Hitchcock, vu par Nothomb (2007) 20070706.MAG000000349_11895_1


Amélie Nothomb : «On ne sait pas ce qu'est la peur aussi longtemps que l'on n'a pas attrapé un passereau dans sa main.»

" Alfred Hitchcock, né un 13 août, comme moi, mais à quelques années d'intervalle, est mon cinéaste préféré. Je ferais mieux de préciser que c'est mon cinéaste : s'il y a bien des films d'Alfred que je n'aime pas, voire que je déteste, il n'en reste pas moins qu'à mes yeux, Hitchcock est le cinéaste par excellence.
Semblablement, de tous les animaux de la Création, l'oiseau est celui qui m'obsède le plus : je m'identifie à lui jusqu'au dégoût. Aussi, quand on m'a proposé d'écrire sur Les Oiseaux de Hitchcock, il ne m'a pas fallu de paranoïa pour y voir un complot, car de tous les films de ce cinéaste obsessionnel, ce film, qui n'est pas mon préféré, est sûrement celui qui m'obsède au superlatif.
C'est le seul film du maître dont l'intrigue ne frappe pas. Elle déçoit. Si l'on y retrouve de nombreux motifs récurrents de son oeuvre - la belle blonde froide et distinguée, le gendre idéal, la mère abusive, une toile de fond bourgeoise très conventionnelle -, on y chercherait vainement la grandiose faille humaine, l'astuce narrative ou l'amour détraqué qui conduiront au fameux suspense hitchcockien. Quand on interroge les gens sur ce qu'ils ont retenu du scénario des Oiseaux, dans l'immense majorité des cas, la réponse est «rien» (et c'est l'unique film de Hitchcock qui provoque cette amnésie) : en compensation, tout le monde parlera du rôle joué par les oiseaux dans cette oeuvre. On en parlera non pas en termes de rôle narratif, car on ne sait généralement plus très bien ce que les oiseaux venaient faire dans cette histoire, mais en termes d'obsession : «Après avoir vu ce film, on ne regarde plus les oiseaux de la même façon : on a peur d'eux.»
L'idée géniale de Hitchcock est de construire son film autour de la peur inspirée par une espèce qui, à la base, n'en inspire aucune.
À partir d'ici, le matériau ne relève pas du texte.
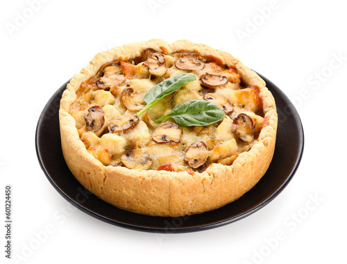 leaf, mushroom, pie, plate, spinach, white, background, baked, breakfast, champignon, cheese, colours, cook, cookery, cooking, culinary, delicious, dinner, dish, eating, food, fresh, healthy, homemade, hot, ingredient, isolated, lunch, meal, mushroom, nobody, nourishment, object, pastry, quiche, receipe, snack, tart, tasty, vegan, vegetable, vegetarian, vegetarian

Les oiseaux évoqués par Hitchcock ne sont ni des aigles ni des vautours, mais des inséparables, des mouettes, des corbeaux et, comble de l'innocuité, des moineaux. Personne n'a peur d'un moineau. Sauf après avoir vu la fameuse scène où une nuée de moineaux envahit la salle de séjour par la cheminée et attaque les personnages avec la dernière sauvagerie.
Pour ma part, j'avoue n'avoir pas attendu ce film pour avoir peur des passereaux. Et pour cause : j'ai peur de moi-même, et je m'identifie aux passereaux. L'oiseau, et en particulier le petit oiseau, est cette créature sans détermination. On ne sait pas ce qu'il fait, et il n'a pas l'air de le savoir non plus. C'est à ce titre que les anciens ont eu raison de voir en son vol l'expression du destin au point que l'auspice y lise le devenir des hommes : qui a beaucoup observé le vol des passereaux sait qu'il n'y a pas plus mystérieux.
Pourquoi l'oiseau inspire-t-il la peur ? Peut-être parce qu'il l'éprouve suprêmement. On ne sait pas ce qu'est la peur aussi longtemps que l'on n'a pas attrapé un passereau dans sa main : on sent alors ce qu'est un cœur qui bat à rompre sa carcasse, on ne sent même que cela, cette trépidation si rapide qu'une vie entière se consume en une minute dans sa paume.
Le film est d'autant plus réussi qu'il n'explique pas la soudaine agression des oiseaux : ce qui n'est pas expliqué n'est pas résolu, donc les oiseaux ré-attaqueront. L'œuvre s'achève sans que l'énigme ait trouvé sa clé : les oiseaux resteront une menace. Et il ne suffira pas de ne pas sortir pour s'en protéger puisqu'une cheminée peut servir d'accès à cette espèce subreptice. En cela, Hitchcock est fidèle ici au reste de son œuvre : c'est quand on se croit en sécurité qu'on l'est le moins. C'est chez soi, à la maison, que l'on court le plus grand risque. «Les meilleurs crimes sont domestiques», dit sir Alfred.
L'oiseau est, paraît-il, notre ancêtre : il est une théorie selon laquelle l'homme descendrait de l'archéoptéryx, sorte de volatile-reptile qui n'est pas sans rappeler le serpent tel que la peinture flamande du Siècle d'or le représente quand elle nous montre le péché originel. Pas besoin de s'y connaître en psychanalyse pour voir là plusieurs raisons d'avoir peur des oiseaux : peur de l'ancêtre, peur de l'origine, peur des profondeurs ténébreuses, peur de ce que l'on ne comprend pas. Hitchcock parvient à désengluer l'image de l'oiseau des mièvreries sulpiciennes qui s'en étaient emparé pour nous la restituer ici dans toute son inquiétante étrangeté. "



Le Figaro.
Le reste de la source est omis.